**What the task requires**
Repeat each record exactly. Any picture gets left out.

[Start of section]

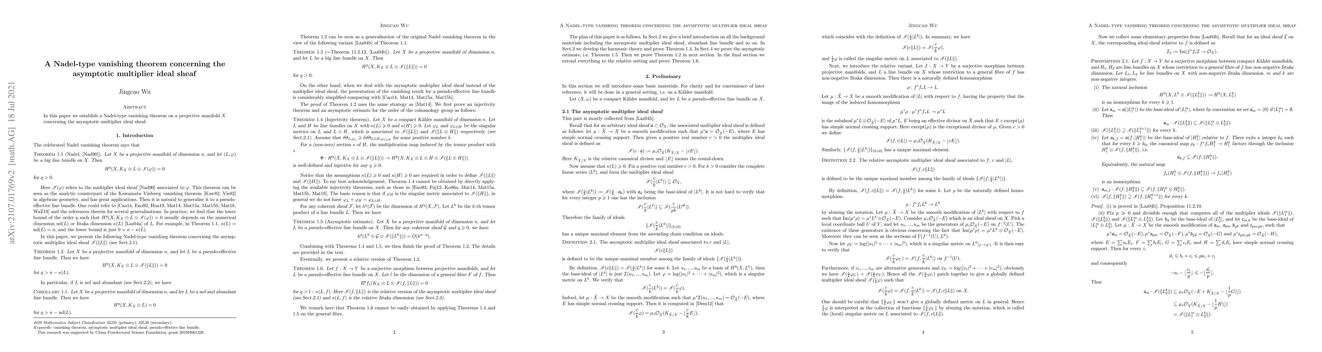 This paper establishes a Nadel-type vanishing theorem for projective manifolds regarding the asymptotic multiplier ideal sheaf, enhancing understanding of the vanishing properties of certain sheaves. The result contributes to the theory of complex geometry and sheaf cohomology.
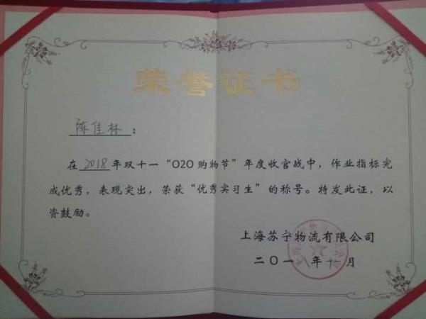 机电与交通系实习生喜获上海苏宁物流优秀员工称号
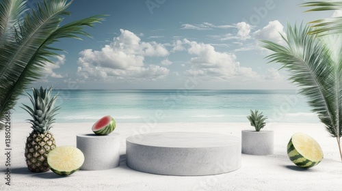 Tropical beach showcase with concrete platform, pineapple, and watermelon slices
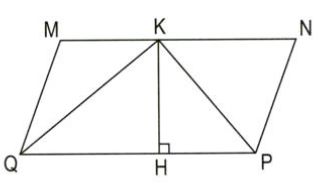 Cho hình bình hành MNPQ (xem hình vẽ) có MN = 12cm, chiều cao KH = 6cm. So sánh diện tích hình tam giác KQP với tổng diện tích của hình tam giác MKQ và hình tam giác KNP.
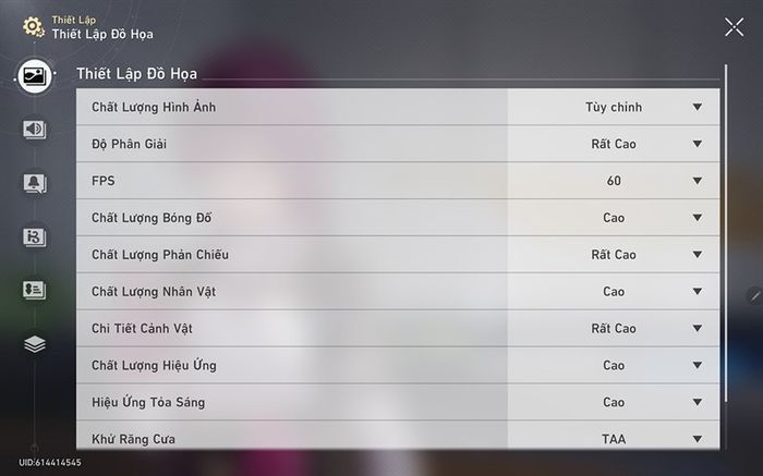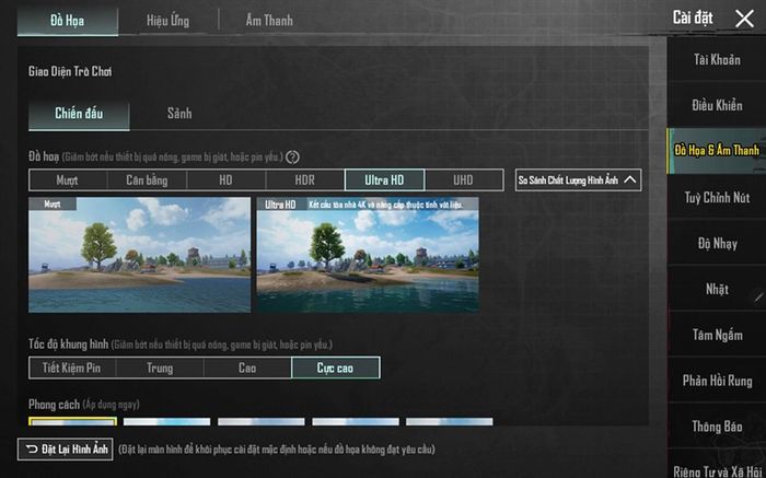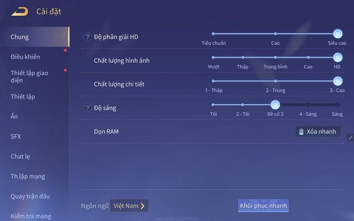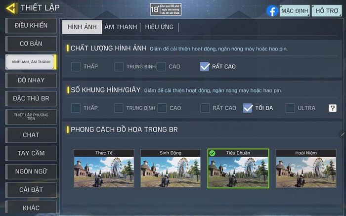 - Thực nghiệm 4 tác vụ liên tục bao gồm: Chơi Liên Quân Mobile (cấu hình đồ họa như hình dưới), xem YouTube, lướt Facebook và duyệt web trên trình duyệt Google Chrome.

[End of section]

**Task response**
 This paper establishes a Nadel-type vanishing theorem for projective manifolds regarding the asymptotic multiplier ideal sheaf, enhancing understanding of the vanishing properties of certain sheaves. The result contributes to the theory of complex geometry and sheaf cohomology.
 机电与交通系实习生喜获上海苏宁物流优秀员工称号
 Tropical beach showcase with concrete platform, pineapple, and watermelon slices
 Cho hình bình hành MNPQ (xem hình vẽ) có MN = 12cm, chiều cao KH = 6cm. So sánh diện tích hình tam giác KQP với tổng diện tích của hình tam giác MKQ và hình tam giác KNP.
 - Thực nghiệm 4 tác vụ liên tục bao gồm: Chơi Liên Quân Mobile (cấu hình đồ họa như hình dưới), xem YouTube, lướt Facebook và duyệt web trên trình duyệt Google Chrome.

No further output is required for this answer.